Do you think that pioneer mother loved her children any less?

My psychology degree comes in handy sometimes. I often think about Maslow’s Hierarchy of Needs, which states that physiological needs have to be met first – before any higher needs can be met. If our needs are a pyramid, then bodily needs are the base. Water, food, and sleep are basic human functions that have to happen. Next up the pyramid comes “safety”, where a person feels secure and safe in his body, home, and family. In the middle of the pyramid, there are “love/belonging” and “esteem”. Not until the very top of the pyramid do we see “self-actualization”, which covers creativity, learning, and even acceptance of facts. In my education classes, we were taught that our students could not learn if they were hungry. I have fed children in the back of my classroom from my own pocket.

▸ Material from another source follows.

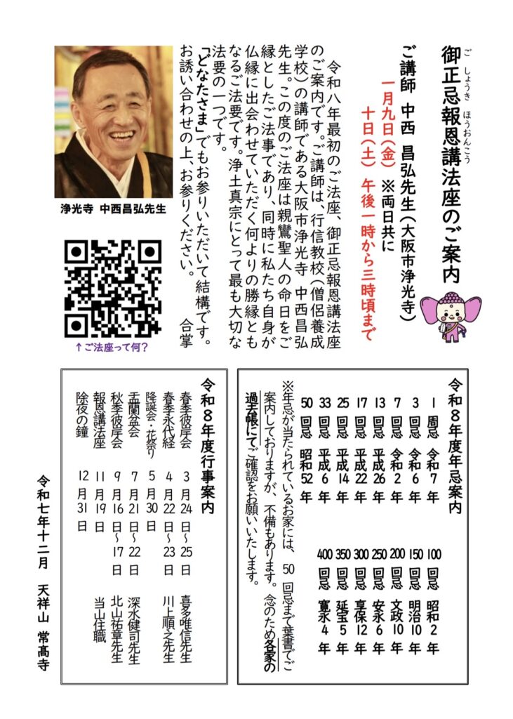 御正忌報恩講法座のご案内

As for my own children, I often think about how Maslow’s Hierarchy of Needs applies. I am busy all day long, just meeting the base of the pyramid for the kids: basic human needs like food, water, sleep, and oh, poop. (No kidding: “excretion” is on there.) And between those chores and emergencies and necessities, I squeeze in as much of the “love/belonging” and “esteem” as I can. We are hugging and kissing and touching. I make time at every diaper change to poke their bellies, kiss their lips, look into their eyes, see how much their eyelashes grew that day. It is shamefully easy never even to make eye contact with a baby (two babies) during a diaper change. I can be up to my elbows in poop and forget that there is someone attached to that bum. Mothers of multiples – or maybe all mothers – have to work hard to slip in those moments that make a child feel special as often as possible. I put my hand under their shirts and stroke their backs whenever I can, just so they can feel my skin, if only for a second. I am constantly trying to find ways to meet their “love/belonging” needs and their “esteem” needs.

But what about their higher needs? What about the self-actualization? What about that project I never got to start with them? What about that game I never played with them? Well, unless it’s reading a book or going outside (I almost never say “no” to those two things), they’re going to have to figure it out themselves.

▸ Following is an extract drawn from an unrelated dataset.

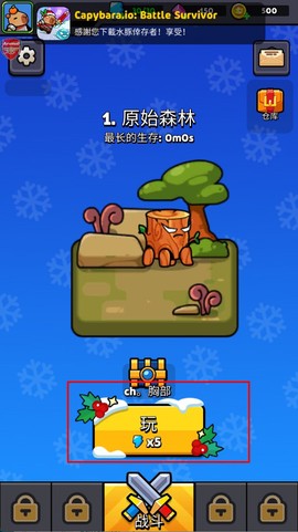 如何畅玩卡皮巴拉幸存者1、首先点击游戏首页的“原始森林”关卡,准备好进入冒险的第一步,点击【玩】按钮。

I trust that by leaving my children alone while I tend to basic needs, that they will naturally gain the higher thinking processes on the Hierarchy of Needs. They are learning about give-and-take while they negotiate toys with each other. They are learning about space and time and pain and risk as they scale and descend from the couch. They are learning fine motor skills and sharing as each twin slides one rainboot on his foot.

I provide the base. They’re going to climb to the top. Maybe literally.